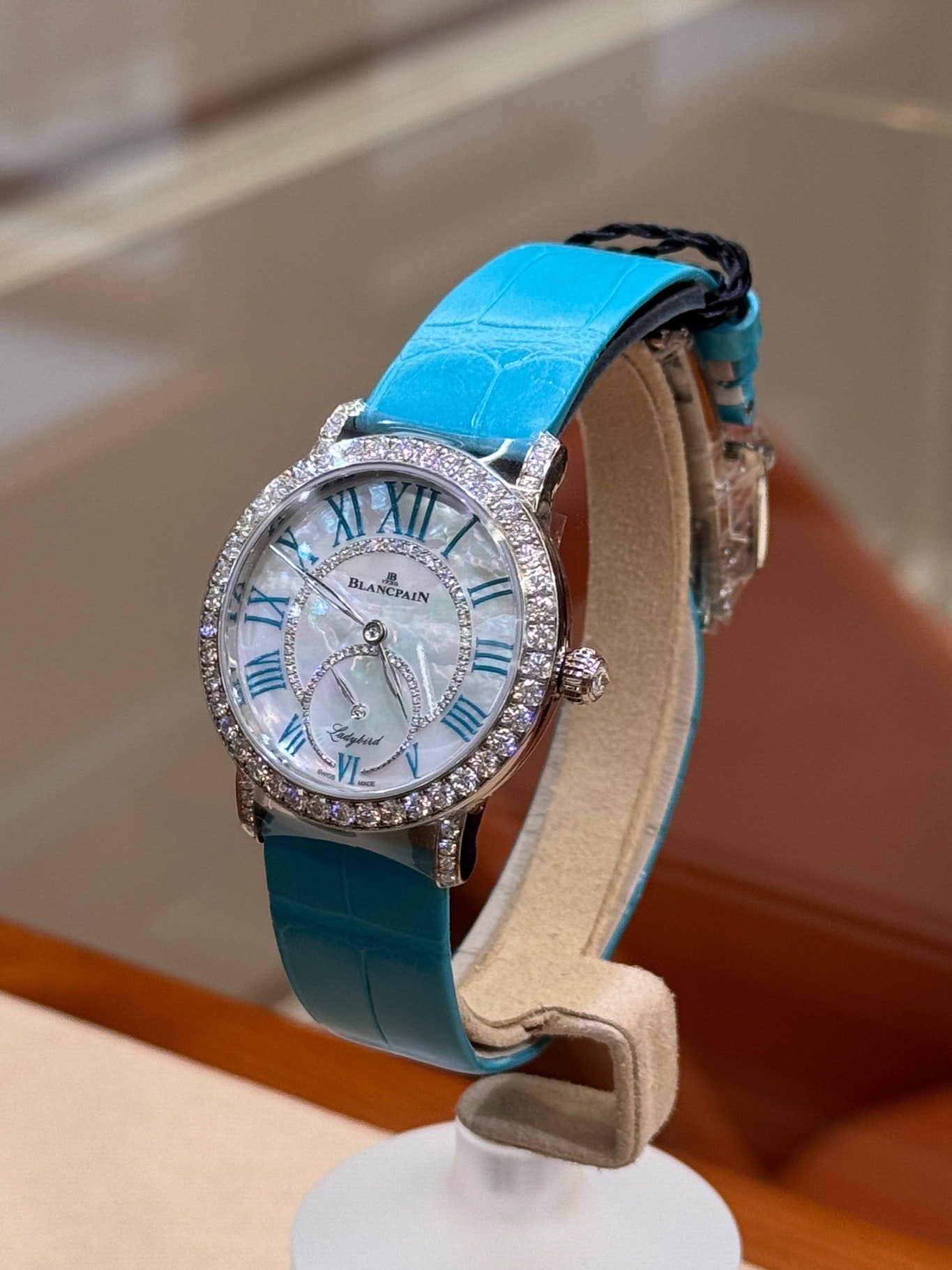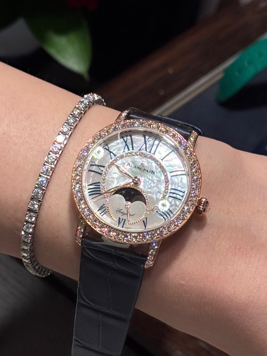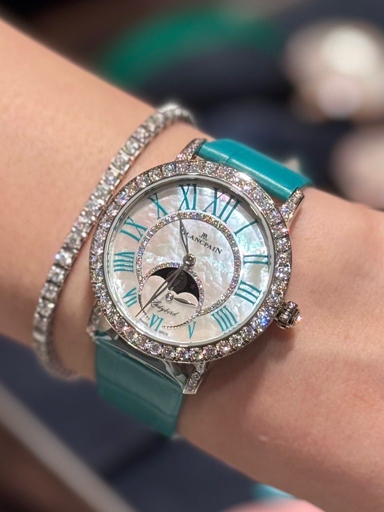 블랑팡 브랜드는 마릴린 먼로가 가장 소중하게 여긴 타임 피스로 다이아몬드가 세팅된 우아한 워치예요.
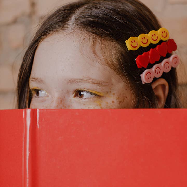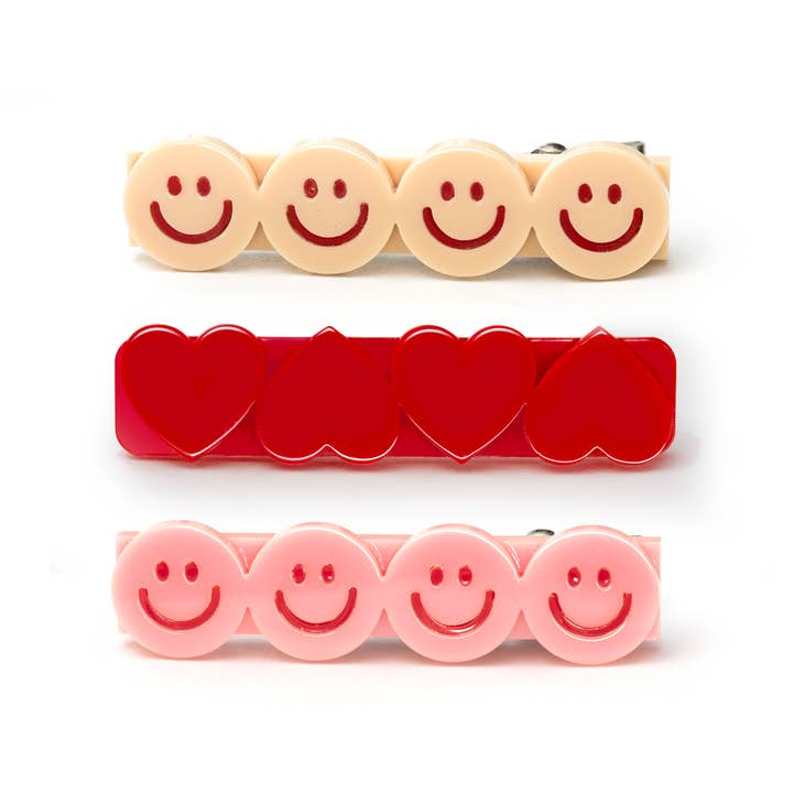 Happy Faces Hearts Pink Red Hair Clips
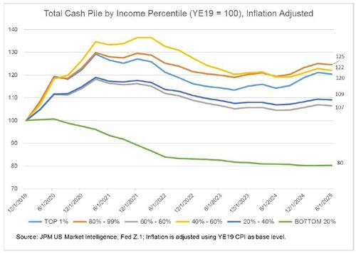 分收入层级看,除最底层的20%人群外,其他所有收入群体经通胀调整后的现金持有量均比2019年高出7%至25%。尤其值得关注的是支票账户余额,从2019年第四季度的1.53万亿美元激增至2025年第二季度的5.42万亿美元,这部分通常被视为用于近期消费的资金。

--

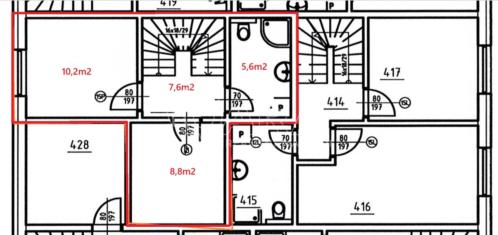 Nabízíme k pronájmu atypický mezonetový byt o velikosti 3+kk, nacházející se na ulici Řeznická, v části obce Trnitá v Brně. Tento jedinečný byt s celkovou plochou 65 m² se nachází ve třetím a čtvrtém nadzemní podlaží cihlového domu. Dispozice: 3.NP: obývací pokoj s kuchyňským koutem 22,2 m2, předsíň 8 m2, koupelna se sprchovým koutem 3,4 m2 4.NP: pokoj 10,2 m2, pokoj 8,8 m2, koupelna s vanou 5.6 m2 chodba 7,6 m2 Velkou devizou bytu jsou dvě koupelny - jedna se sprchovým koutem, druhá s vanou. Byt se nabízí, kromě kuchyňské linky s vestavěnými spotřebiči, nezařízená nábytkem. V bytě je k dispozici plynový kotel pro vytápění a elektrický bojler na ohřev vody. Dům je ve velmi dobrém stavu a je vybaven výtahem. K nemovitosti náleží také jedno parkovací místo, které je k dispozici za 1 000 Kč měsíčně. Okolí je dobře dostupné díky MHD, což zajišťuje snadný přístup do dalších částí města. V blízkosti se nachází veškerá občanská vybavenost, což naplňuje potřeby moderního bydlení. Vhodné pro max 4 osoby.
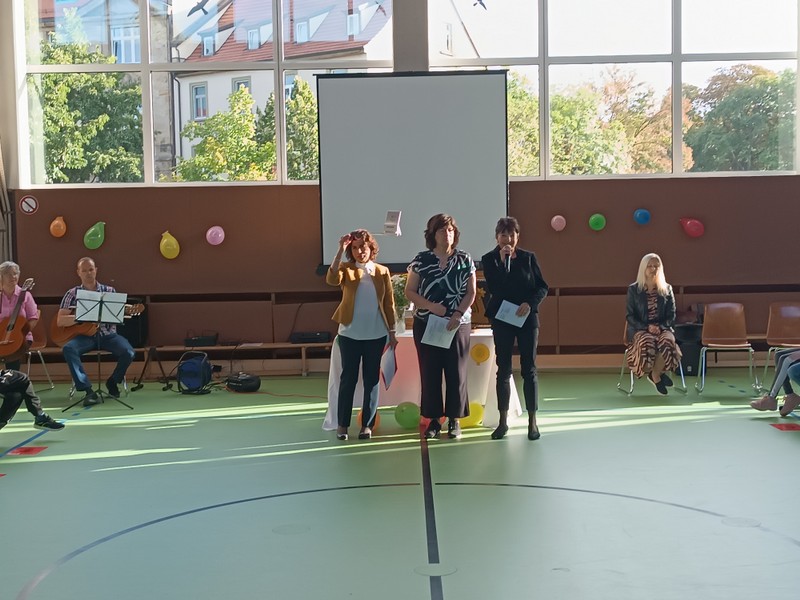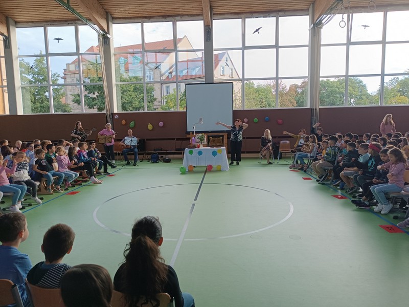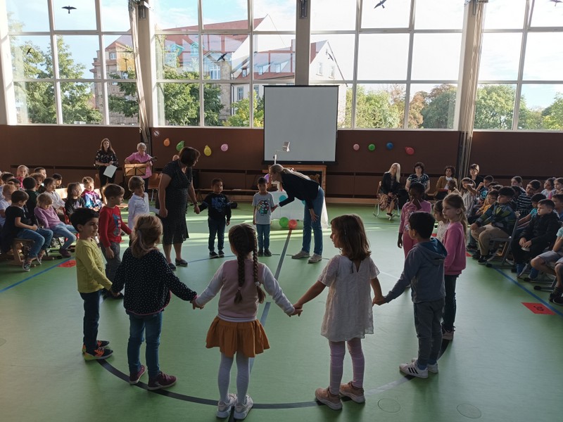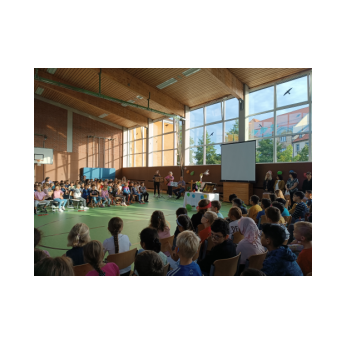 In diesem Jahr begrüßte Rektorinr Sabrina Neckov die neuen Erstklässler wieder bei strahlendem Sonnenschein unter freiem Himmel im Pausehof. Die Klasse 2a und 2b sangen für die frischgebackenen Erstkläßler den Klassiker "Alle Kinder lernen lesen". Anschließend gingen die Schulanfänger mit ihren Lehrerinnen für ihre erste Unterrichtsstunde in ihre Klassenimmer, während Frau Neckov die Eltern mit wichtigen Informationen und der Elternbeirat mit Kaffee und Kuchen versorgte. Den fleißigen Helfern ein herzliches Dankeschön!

Work to complete — After locating "블랑팡 브랜드는 마릴린" and "分收入层级看,除最底层的20" in the records above, return exactly the line holding each one and every line between them; leave out the pictures.

Response for this exercise —
 블랑팡 브랜드는 마릴린 먼로가 가장 소중하게 여긴 타임 피스로 다이아몬드가 세팅된 우아한 워치예요.
 Happy Faces Hearts Pink Red Hair Clips
 分收入层级看,除最底层的20%人群外,其他所有收入群体经通胀调整后的现金持有量均比2019年高出7%至25%。尤其值得关注的是支票账户余额,从2019年第四季度的1.53万亿美元激增至2025年第二季度的5.42万亿美元,这部分通常被视为用于近期消费的资金。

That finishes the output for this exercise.